What the task asks:
Please give back only the lines below from the one containing "Sommier électrique Epeda" to the one containing "Digital Sheet Music", each repeated word for word, both ends included.

Given records:

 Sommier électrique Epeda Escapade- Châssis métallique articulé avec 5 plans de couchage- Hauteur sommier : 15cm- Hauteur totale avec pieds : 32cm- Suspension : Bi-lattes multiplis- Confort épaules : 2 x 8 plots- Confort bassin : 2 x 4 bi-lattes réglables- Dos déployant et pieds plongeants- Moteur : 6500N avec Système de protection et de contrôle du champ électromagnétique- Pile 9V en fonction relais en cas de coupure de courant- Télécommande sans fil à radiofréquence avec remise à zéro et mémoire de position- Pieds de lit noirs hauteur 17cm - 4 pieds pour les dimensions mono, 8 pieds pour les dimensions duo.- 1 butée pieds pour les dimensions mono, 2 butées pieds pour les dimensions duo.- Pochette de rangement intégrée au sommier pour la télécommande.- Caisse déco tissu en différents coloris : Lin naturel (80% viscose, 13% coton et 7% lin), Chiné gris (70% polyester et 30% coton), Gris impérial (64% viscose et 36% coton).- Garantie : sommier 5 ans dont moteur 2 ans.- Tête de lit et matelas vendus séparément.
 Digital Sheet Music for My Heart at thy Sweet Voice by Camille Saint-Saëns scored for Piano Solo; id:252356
...
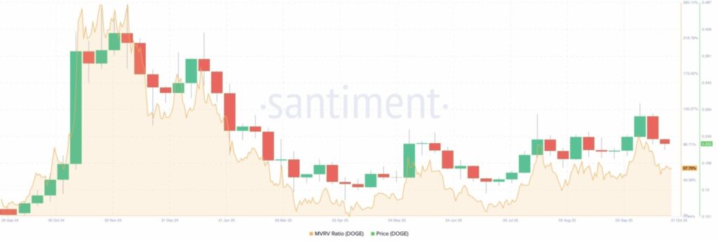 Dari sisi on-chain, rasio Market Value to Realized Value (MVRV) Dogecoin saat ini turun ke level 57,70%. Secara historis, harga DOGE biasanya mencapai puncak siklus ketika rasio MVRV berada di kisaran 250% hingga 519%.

Result for this exercise:
 Sommier électrique Epeda Escapade- Châssis métallique articulé avec 5 plans de couchage- Hauteur sommier : 15cm- Hauteur totale avec pieds : 32cm- Suspension : Bi-lattes multiplis- Confort épaules : 2 x 8 plots- Confort bassin : 2 x 4 bi-lattes réglables- Dos déployant et pieds plongeants- Moteur : 6500N avec Système de protection et de contrôle du champ électromagnétique- Pile 9V en fonction relais en cas de coupure de courant- Télécommande sans fil à radiofréquence avec remise à zéro et mémoire de position- Pieds de lit noirs hauteur 17cm - 4 pieds pour les dimensions mono, 8 pieds pour les dimensions duo.- 1 butée pieds pour les dimensions mono, 2 butées pieds pour les dimensions duo.- Pochette de rangement intégrée au sommier pour la télécommande.- Caisse déco tissu en différents coloris : Lin naturel (80% viscose, 13% coton et 7% lin), Chiné gris (70% polyester et 30% coton), Gris impérial (64% viscose et 36% coton).- Garantie : sommier 5 ans dont moteur 2 ans.- Tête de lit et matelas vendus séparément.
 Digital Sheet Music for My Heart at thy Sweet Voice by Camille Saint-Saëns scored for Piano Solo; id:252356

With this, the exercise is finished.